Assignment: Every record that follows should be written out word for word; the pictures stay out.

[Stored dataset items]

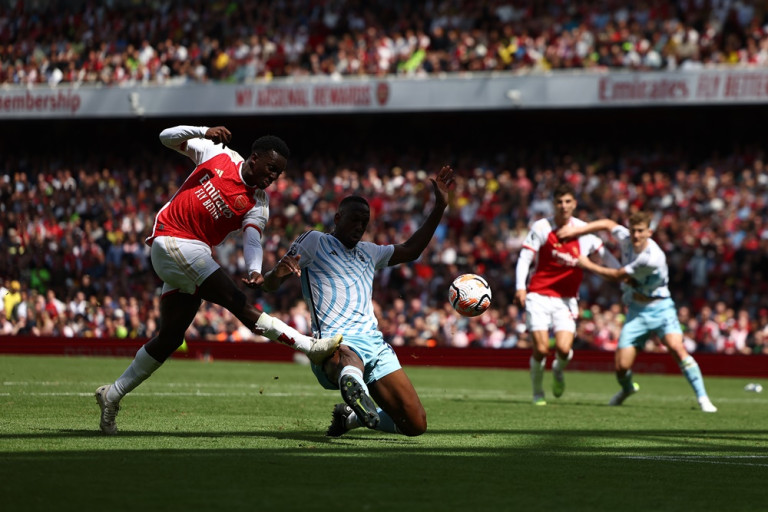 ศึกพรีเมียร์ลีกอังกฤษ เวลา 19.00น. คู่แรกระหว่าง อาร์เซน่อล รองแชมป์เก่า เปิดบ้านพบกับ เจ้าป่า น็อตติ้งแฮม ฟอเรสต์ โดยเริ่มเกมเป็นเจ้าบ้าน ที่ครองบอลอย่างเหนียวแน่น เพื่อหาจังหวะจบสกอร์ ออกนำทีมเยือนให้ได้ กระทั่งผ่านไปสู่นาทีที่ 26 เจ้าบ้านมาออกนำจนได้จาก เอ็นคาเทียร์ จากนั้นในนาทีที่ 32 บูกาโย ซากา มายิงประตูสุดสวย ให้ทีมหนีห่างเป็น 2-0 กระทั่งหมดครึ่งแรก
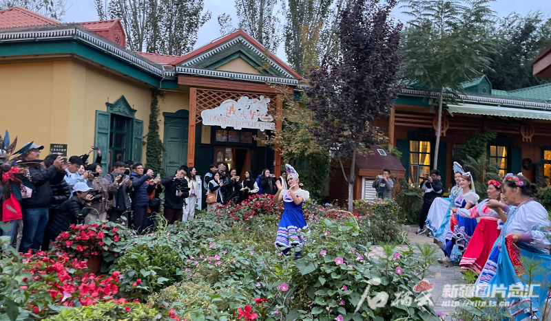 六星街位于伊寧市西北側(cè),3條道路在中心點交錯并輻射出6條主干道,形成了一個獨具特色的六邊形街區(qū),被稱為“六星街”。外媒代表走進俄羅斯風(fēng)情園,一群身著傳統(tǒng)服飾的人正歡快地跳著舞,每一個動作都傳遞出快樂因子,感染大家一同舞起來。
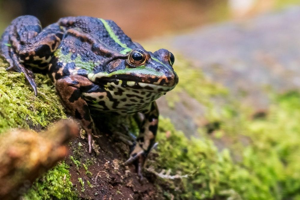 The green frog is an amphibian that is mainly is ponds and ditches. You can hear its croaking very well when you live next to it. They mainly eat insects that they catch right out of the air with their tongues.
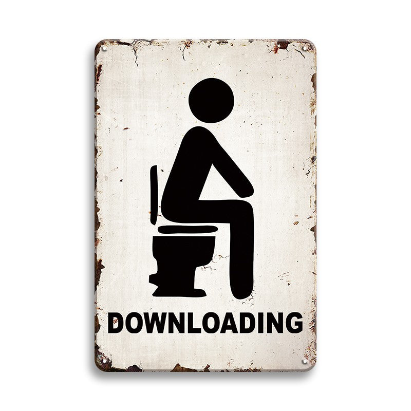「DOWNLOADING」の文字とトイレのイラストがユーモラスなブリキ看板です。
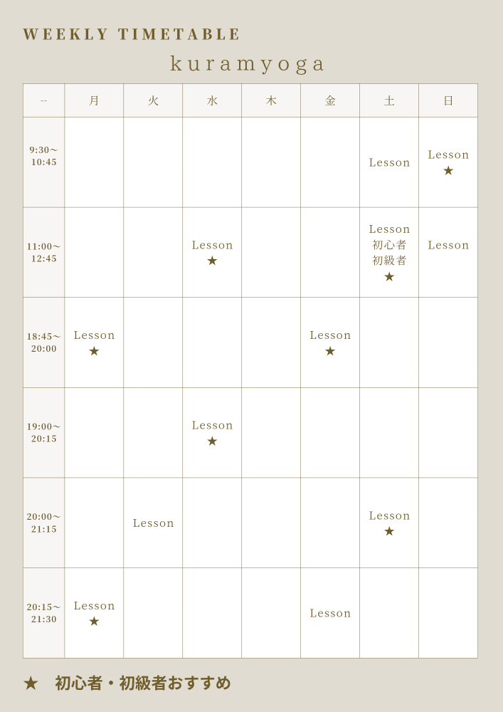 その他のレッスンも、参加されている生徒様に合わせてLevelを調整していきますので、始めてヨガをされる方、ヨガのポーズに自信がない方でも、どのレッスンでも安心してご参加していただけます。
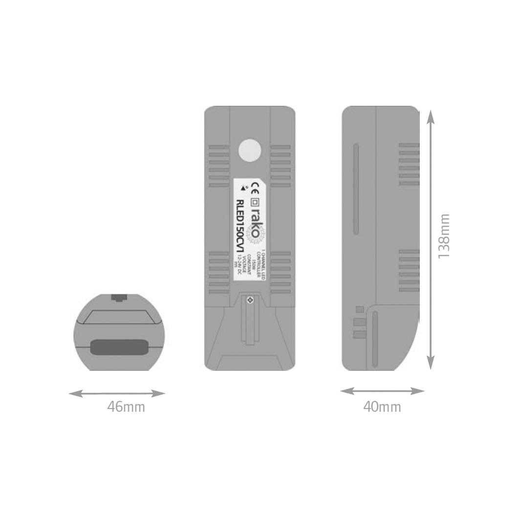 - In-built RF receiver and Rako processor for control of single channel constant voltage LED fittings
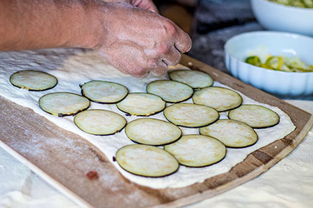 Wanneer het deeg zijn volume heeft verdubbeld, verwarmt u de oven voor op 200°C. Rol het deeg uit in een rechthoekige ovenschaal van zo’n 20 x 30cm. Verdeel hierover de aubergines en schenk daar 4 à 5 eetlepels olijfolie over. Plaats de schaal 20 minuten in de op 200°C voorverwarmde oven. Daarna haalt u de schaal uit de oven en verdeelt u de gesmoorde paddenstoeltjes en de verser ricotta erover, met behulp van een lepel.

Exercise answer:
 ศึกพรีเมียร์ลีกอังกฤษ เวลา 19.00น. คู่แรกระหว่าง อาร์เซน่อล รองแชมป์เก่า เปิดบ้านพบกับ เจ้าป่า น็อตติ้งแฮม ฟอเรสต์ โดยเริ่มเกมเป็นเจ้าบ้าน ที่ครองบอลอย่างเหนียวแน่น เพื่อหาจังหวะจบสกอร์ ออกนำทีมเยือนให้ได้ กระทั่งผ่านไปสู่นาทีที่ 26 เจ้าบ้านมาออกนำจนได้จาก เอ็นคาเทียร์ จากนั้นในนาทีที่ 32 บูกาโย ซากา มายิงประตูสุดสวย ให้ทีมหนีห่างเป็น 2-0 กระทั่งหมดครึ่งแรก
 六星街位于伊寧市西北側(cè),3條道路在中心點交錯并輻射出6條主干道,形成了一個獨具特色的六邊形街區(qū),被稱為“六星街”。外媒代表走進俄羅斯風(fēng)情園,一群身著傳統(tǒng)服飾的人正歡快地跳著舞,每一個動作都傳遞出快樂因子,感染大家一同舞起來。
 The green frog is an amphibian that is mainly is ponds and ditches. You can hear its croaking very well when you live next to it. They mainly eat insects that they catch right out of the air with their tongues.
「DOWNLOADING」の文字とトイレのイラストがユーモラスなブリキ看板です。
 その他のレッスンも、参加されている生徒様に合わせてLevelを調整していきますので、始めてヨガをされる方、ヨガのポーズに自信がない方でも、どのレッスンでも安心してご参加していただけます。
 - In-built RF receiver and Rako processor for control of single channel constant voltage LED fittings
 Wanneer het deeg zijn volume heeft verdubbeld, verwarmt u de oven voor op 200°C. Rol het deeg uit in een rechthoekige ovenschaal van zo’n 20 x 30cm. Verdeel hierover de aubergines en schenk daar 4 à 5 eetlepels olijfolie over. Plaats de schaal 20 minuten in de op 200°C voorverwarmde oven. Daarna haalt u de schaal uit de oven en verdeelt u de gesmoorde paddenstoeltjes en de verser ricotta erover, met behulp van een lepel.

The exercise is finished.